You can leave the FOB in the car (in a metal container to prevent unlocking). Then just use a waterproof phone to unlock the car! Ok, maybe that's a dumb idea, but as bonus you can always text while you surf!

SamO | May 18, 2014


That's my exact solution. Otterbox in the back pocket. Also get great pics of the sea life!

flodrab | May 18, 2014

"where do I put the key to my $100,000 car while I'm surfing?"

this is why the terrorists hate us :-)

GoBlue88 | May 18, 2014

I've always used one of these. They come in various thicknesses, so you can get one thick enough to hold the key fob, a few credit cards, some cash, etc. Wear it around my neck and stick it down my back inside my wetsuit before I zip up. That way I can't lose it in a wipeout, and it isn't bothersome while paddling out like it would be if it was in front.

GoBlue88 | May 18, 2014

That said, you probably don't use a wetsuit in Hawaii too often, so not sure if this solution would work for you. A rash guard would probably work just as well. Just need some protection from losing the thing.

Kutu | May 18, 2014

I scuba dive, in springs and the ocean, and have considered a couple of options. One option is to use a metal, lockable case with a cable secured to the car - either to a wheel or maybe rear bumper support. A lockable, cabled pistol case would work.

Another option is a keyed momentary contact switch mounted to a bumper support well up under the car. The switch would be wired off the rear emergency hatch button. If this option is used then the Fob would be left in a metal container in the car. This option requires splicing into the cars wiring and, maybe, drilling a hole in a hidden location.

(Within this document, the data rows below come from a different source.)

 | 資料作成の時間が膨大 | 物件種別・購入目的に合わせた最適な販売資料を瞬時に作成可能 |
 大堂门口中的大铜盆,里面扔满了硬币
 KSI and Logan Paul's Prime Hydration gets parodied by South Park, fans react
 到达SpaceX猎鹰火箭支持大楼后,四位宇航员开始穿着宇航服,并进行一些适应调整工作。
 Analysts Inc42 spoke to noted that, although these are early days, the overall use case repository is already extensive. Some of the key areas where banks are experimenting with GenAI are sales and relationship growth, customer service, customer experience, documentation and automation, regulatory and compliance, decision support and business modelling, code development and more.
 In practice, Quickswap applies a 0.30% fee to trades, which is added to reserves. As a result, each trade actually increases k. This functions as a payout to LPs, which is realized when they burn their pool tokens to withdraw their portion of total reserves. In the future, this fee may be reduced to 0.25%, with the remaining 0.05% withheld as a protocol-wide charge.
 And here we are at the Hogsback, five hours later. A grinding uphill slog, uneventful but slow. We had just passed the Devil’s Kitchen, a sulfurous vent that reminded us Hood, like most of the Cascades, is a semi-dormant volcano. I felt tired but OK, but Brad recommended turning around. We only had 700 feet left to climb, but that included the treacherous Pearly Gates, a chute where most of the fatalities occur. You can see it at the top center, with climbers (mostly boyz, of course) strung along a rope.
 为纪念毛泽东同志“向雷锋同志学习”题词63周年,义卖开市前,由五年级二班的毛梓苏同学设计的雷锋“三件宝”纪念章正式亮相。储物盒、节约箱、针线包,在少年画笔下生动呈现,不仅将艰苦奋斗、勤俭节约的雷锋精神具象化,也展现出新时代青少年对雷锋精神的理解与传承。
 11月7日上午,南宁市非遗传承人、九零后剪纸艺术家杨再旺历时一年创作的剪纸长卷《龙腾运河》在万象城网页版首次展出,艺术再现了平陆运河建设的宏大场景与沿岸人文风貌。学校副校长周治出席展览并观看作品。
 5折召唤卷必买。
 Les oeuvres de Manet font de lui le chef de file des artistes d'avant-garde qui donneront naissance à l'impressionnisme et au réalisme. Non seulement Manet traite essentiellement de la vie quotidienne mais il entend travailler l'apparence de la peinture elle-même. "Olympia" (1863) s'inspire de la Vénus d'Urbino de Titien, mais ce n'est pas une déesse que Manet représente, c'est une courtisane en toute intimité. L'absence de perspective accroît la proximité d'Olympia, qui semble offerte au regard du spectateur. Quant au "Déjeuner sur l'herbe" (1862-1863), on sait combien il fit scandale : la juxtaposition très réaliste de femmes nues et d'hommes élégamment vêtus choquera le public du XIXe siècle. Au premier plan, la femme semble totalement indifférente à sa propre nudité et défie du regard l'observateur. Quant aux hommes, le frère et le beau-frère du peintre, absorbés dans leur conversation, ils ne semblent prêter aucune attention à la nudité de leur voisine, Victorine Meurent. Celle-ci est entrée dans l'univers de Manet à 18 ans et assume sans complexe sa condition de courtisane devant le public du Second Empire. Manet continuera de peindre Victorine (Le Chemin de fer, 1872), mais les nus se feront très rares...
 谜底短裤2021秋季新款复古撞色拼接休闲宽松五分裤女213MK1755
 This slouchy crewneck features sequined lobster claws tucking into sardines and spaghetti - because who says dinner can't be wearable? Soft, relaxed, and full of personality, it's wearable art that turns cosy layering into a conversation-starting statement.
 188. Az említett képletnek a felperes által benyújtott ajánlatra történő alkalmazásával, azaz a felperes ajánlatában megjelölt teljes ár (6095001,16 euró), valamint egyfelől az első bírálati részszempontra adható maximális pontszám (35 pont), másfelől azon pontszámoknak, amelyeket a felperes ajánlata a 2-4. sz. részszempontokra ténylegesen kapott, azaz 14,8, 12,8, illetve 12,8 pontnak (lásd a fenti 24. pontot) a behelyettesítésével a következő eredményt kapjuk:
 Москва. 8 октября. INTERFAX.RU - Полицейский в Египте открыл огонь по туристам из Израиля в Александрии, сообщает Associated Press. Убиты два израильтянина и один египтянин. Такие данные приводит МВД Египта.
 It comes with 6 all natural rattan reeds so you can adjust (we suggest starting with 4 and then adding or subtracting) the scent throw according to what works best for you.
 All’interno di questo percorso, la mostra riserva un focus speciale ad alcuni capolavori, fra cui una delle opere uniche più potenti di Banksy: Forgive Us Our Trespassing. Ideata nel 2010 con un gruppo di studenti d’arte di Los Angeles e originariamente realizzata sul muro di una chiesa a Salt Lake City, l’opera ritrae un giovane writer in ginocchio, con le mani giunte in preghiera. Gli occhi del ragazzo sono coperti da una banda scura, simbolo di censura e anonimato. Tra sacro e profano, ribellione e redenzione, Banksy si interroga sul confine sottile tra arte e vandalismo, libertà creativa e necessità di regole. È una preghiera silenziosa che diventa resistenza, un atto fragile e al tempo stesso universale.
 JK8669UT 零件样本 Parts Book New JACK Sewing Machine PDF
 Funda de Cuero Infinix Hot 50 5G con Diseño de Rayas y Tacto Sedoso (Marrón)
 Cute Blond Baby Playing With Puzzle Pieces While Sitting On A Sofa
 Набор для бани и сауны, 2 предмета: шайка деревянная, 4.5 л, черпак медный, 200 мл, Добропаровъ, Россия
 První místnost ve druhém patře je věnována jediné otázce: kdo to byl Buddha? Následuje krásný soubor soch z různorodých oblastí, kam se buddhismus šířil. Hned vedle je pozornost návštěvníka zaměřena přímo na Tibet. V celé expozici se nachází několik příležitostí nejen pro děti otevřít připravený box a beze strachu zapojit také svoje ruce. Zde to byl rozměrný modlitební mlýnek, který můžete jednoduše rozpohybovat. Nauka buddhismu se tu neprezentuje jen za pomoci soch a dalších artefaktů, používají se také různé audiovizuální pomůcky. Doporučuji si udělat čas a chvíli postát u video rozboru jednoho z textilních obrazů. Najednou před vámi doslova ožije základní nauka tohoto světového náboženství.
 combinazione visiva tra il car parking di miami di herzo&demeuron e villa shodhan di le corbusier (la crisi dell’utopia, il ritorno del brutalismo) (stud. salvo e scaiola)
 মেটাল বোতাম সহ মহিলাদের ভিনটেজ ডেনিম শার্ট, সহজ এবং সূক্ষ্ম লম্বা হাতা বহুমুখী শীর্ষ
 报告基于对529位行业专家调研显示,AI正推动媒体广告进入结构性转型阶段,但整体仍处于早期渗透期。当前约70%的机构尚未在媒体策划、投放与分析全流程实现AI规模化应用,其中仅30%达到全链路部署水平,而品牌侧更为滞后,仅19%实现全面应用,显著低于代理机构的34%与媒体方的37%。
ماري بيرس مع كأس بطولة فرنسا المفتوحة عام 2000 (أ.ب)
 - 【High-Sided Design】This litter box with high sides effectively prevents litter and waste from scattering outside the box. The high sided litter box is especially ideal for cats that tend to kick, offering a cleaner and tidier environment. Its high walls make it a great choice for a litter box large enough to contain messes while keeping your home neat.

In both cases, the metal container would function as a Faraday shield blocking the RF signal.

jamie@ | May 18, 2014

@Kelly So Cal Surfer ... hello from the opposite Coast!

Transporting an SUP ... I prefer to avoid placing a rack on the glass roof .... would like to install a trailer hitch to pull a small trailer where I can rack up to four boards. Is a trailer hitch doable on the model S underbody?


RUNS KWH | May 18, 2014

Hmm, good to know a replacement FOB cost $400. We run on the beach quite a bit and I always bring along my cell phone with me. If I lock the Tesla by leaving the key fob in an Altoids tin box, will I be able to unlock the car with my iPhone?

Also, why doesn't Tesla just allow the car to run via cell phone? I'm sure that this would be an easy programming change.. wouldn't it?

just an allusion | May 20, 2014

A Zip-Loc bag, folded up and tucked away in the inside/hidden waistband pouch of the board shorts always does it for most critical electronic devices. | May 20, 2014

@RUNS KWH - I agree allowing the car to run via Cell phone would be fairly simple software change, but I doubt it will be made available.

I think the concern is a phone is more likely to be stolen than a car key (although this may be a case of tortured logic).

A second concern is someone hacking via the API and then drive off if the API allowed turning the car on. By not providing this feature, the worse someone can do is unlock the car. While I believe Tesla's security is strong and this scenario is unlikely, just the perception of a risk may be enough to prevent Tesla from offering it.